IndexBox has just published a new report: ‘EU – Wine – Market Analysis, Forecast, Size, Trends and Insights’. Here is a summary of the report’s key findings.

In 2019, after three years of growth, there was a decline in the EU wine market, when its value decreased by -2.8% to $35.3B. Overall, consumption saw a mild descent. The growth pace was the most rapid in 2017 with an increase of 3.8% year-to-year. Over the period under review, the market attained the maximum level at $38.9B in 2013; however, from 2014 to 2019, consumption stood at a somewhat lower figure.

The countries with the highest volumes of wine consumption in 2019 were Spain (3.5M tonnes), Italy (3.4M tonnes) and France (3.3M tonnes), with a combined 61% share of total consumption.

From 2013 to 2019, the biggest increases were in Italy, while wine consumption for the other leaders experienced more modest paces of growth.

In value terms, the largest wine markets in the European Union were France ($9.5B), Italy ($6.2B) and the UK ($4B), with a combined 56% share of the total market (IndexBox estimates).
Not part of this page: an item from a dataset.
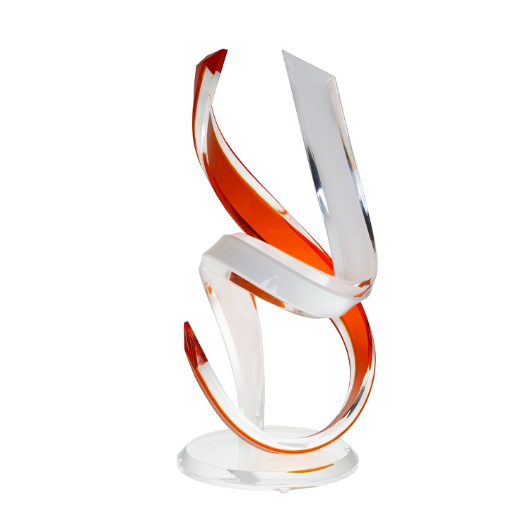 [0] => The Tango Acrylic Sculpture brings whimsical, abstract shapes and vibrant color to your home. The perfect minimalist accent to any space, Tango features a curved design with hidden angled facets throughout the structure. The orange coloring mixes in with the glass seamlessly, creating a watercolor effect.

These countries were followed by Germany, Spain, Portugal, the Netherlands, Belgium, Greece and Romania, which together accounted for a further 34%.

The countries with the highest levels of wine per capita consumption in 2019 were Spain (74 kg per person), Italy (57 kg per person) and Portugal (51 kg per person).

European wine markets are mature, with no significant growth in consumption. The quality of European wine is highly valued all over the world because the EU countries are the main exporters of wine in the world market. Italy, Spain and France together supply 80% of all wine exports to the EU, shipping both to other European countries and outside the EU.

Overall, the EU wine market was expected to grow at a moderate pace amid weak population growth and continued relatively high incomes, as well as increased tourism. However, in early 2020, the global economy entered a crisis caused by the outbreak of the COVID-19 pandemic.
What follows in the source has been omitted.